Multi-Signal Ranking

TraceBase combines four signals for matching, following the two-stage retrieval architecture (Bruch et al., 2023):

| Signal | Stage | What it catches | |--------|-------|----------------| | Fingerprint | 1 | Exact same problem (O(1) lookup) | | BM25 (FTS5) | 1 | Same keywords, different phrasing | | Jaccard | 2 | Overlapping technical tokens | | Structural | 2 | Same error type / language / framework | | Cosine | 2 | Semantically similar (when embeddings enabled) |

Adaptive Weights (Thompson Sampling)

Signal weights are not hardcoded — they learn from your feedback.

Each signal has a Beta distribution prior. When you call feedback(traceId, helpful):

• helpful=true → alpha += contribution
• helpful=false → beta += contribution
• Weight = alpha / (alpha + beta), normalized across active signals

References: Thompson (1933); Agrawal & Goyal (2012) — provable regret bounds; Chapelle & Li (2011).

Semantic Embeddings (Optional)

Add OpenAI embeddings for semantic recall — catches problems where the words are different but the meaning is the same.

import OpenAI from "openai";
import { ReasoningLayer, createOpenAIEmbeddings } from "tracebase-ai";

const layer = new ReasoningLayer();
layer.setEmbeddingProvider(createOpenAIEmbeddings(new OpenAI()));

// Async API when embeddings are active
const trace = await layer.storeTraceAsync({ ... });  // computes + stores vector
const results = await layer.recallAsync({ ... });     // cosine similarity included

Quality Score (Wilson Interval)

Each trace tracks recall count and helpfulness.

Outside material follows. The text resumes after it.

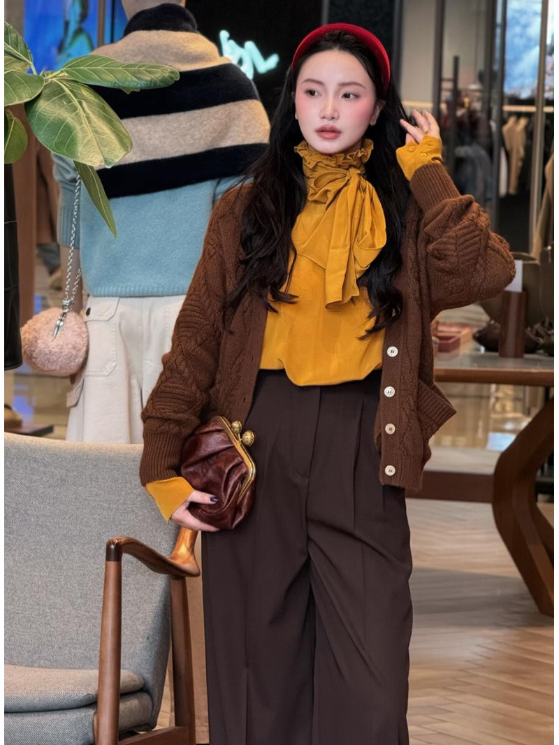 WEEKEND真絲木耳邊領泡泡袖襯衫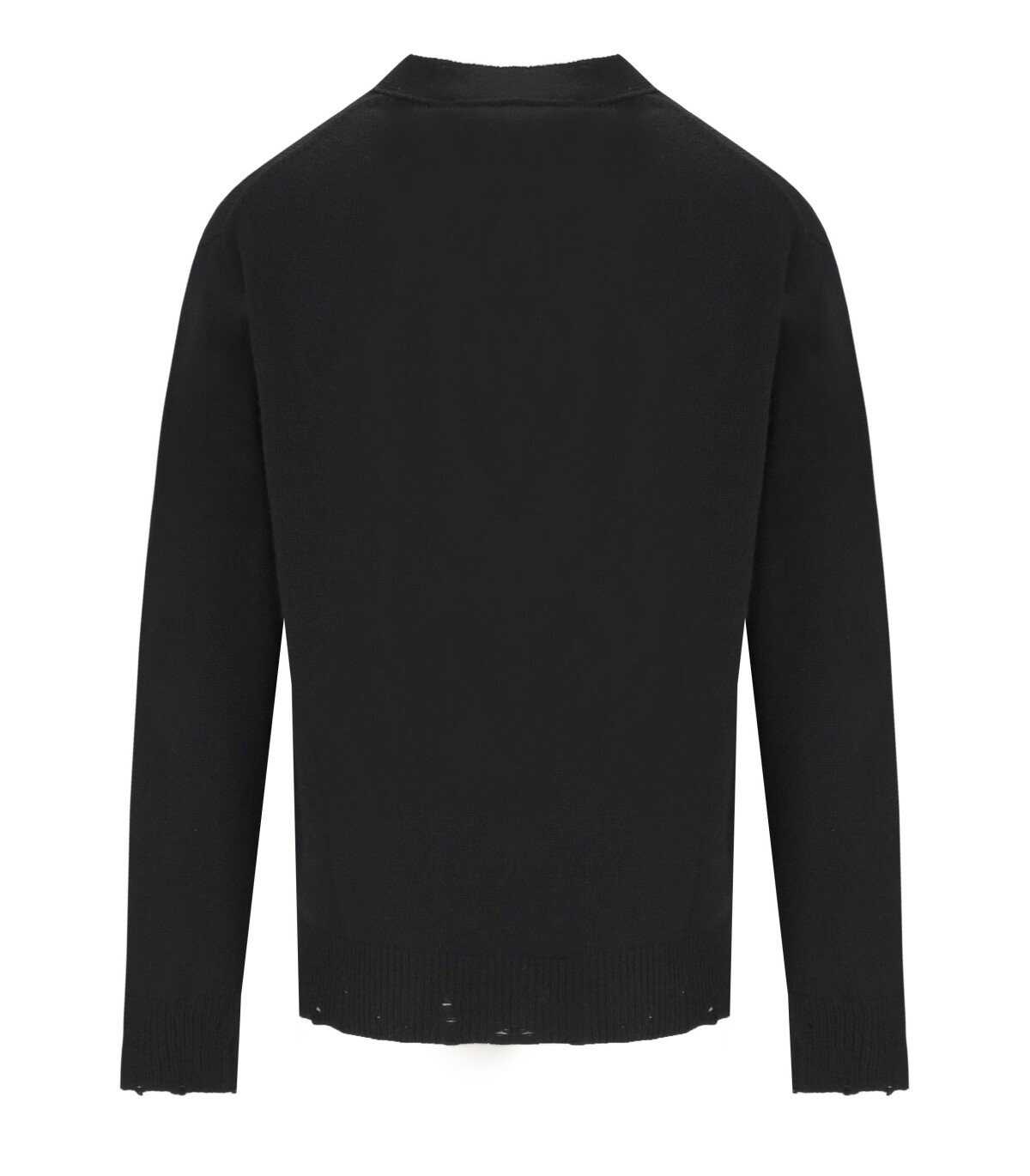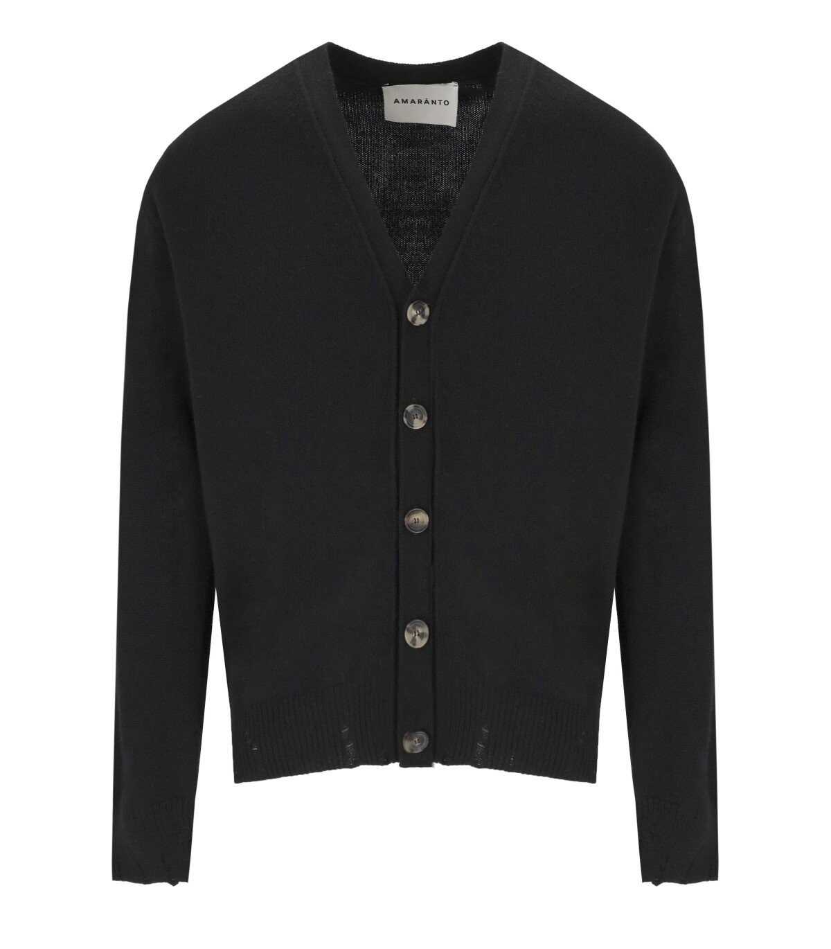 Amrànto cardigan made of a wool-cashmere blend fabric, in black. Characterized by a front button closure, it features soft long sleeves finished with ribbed cuffs. Equipped with a perforated hem and a spearpoint V-neck. Loose fit.

Quality uses the Wilson score interval lower bound (Wilson, 1927) — same algorithm Reddit uses:

• Starts at 0.5 (neutral prior)
• Rewards traces with consistent positive feedback
• Penalizes traces that are recalled but never confirmed helpful
• Properly handles small sample sizes

Deduplication

storeTrace() detects duplicate problems by structural fingerprint. Same problem = same fingerprint = returns the existing trace instead of creating a duplicate. Prevents database pollution from repeated middleware calls.

CLI

npx tracebase init                     # Initialize in current project
npx tracebase store -d "..." -s "..."  # Store a reasoning trace
npx tracebase recall "..."             # Find relevant past solutions
npx tracebase search "..."             # Full-text search
npx tracebase stats                    # Storage statistics
npx tracebase serve [--mcp] [-p PORT]  # Start server (MCP or HTTP)
npx tracebase export [file]            # Export traces to JSON
npx tracebase import <file>            # Import traces from JSON
npx tracebase prune [-t threshold]     # Remove low-quality traces

All commands support --json for machine-readable output.

HTTP API

npx tracebase serve --port 3781

curl -X POST localhost:3781/recall -d '{"problem": "CORS error Express"}'
curl -X POST localhost:3781/store  -d '{"problem": {...}, "solution": {...}}'
curl -X POST localhost:3781/feedback -d '{"traceId": "...", "helpful": true}'
curl localhost:3781/search?q=TypeError
curl localhost:3781/stats
curl localhost:3781/health

Team Sharing

npx tracebase export team-knowledge.json   # one machine
npx tracebase import team-knowledge.json   # another machine

Duplicate traces (by ID) are automatically skipped.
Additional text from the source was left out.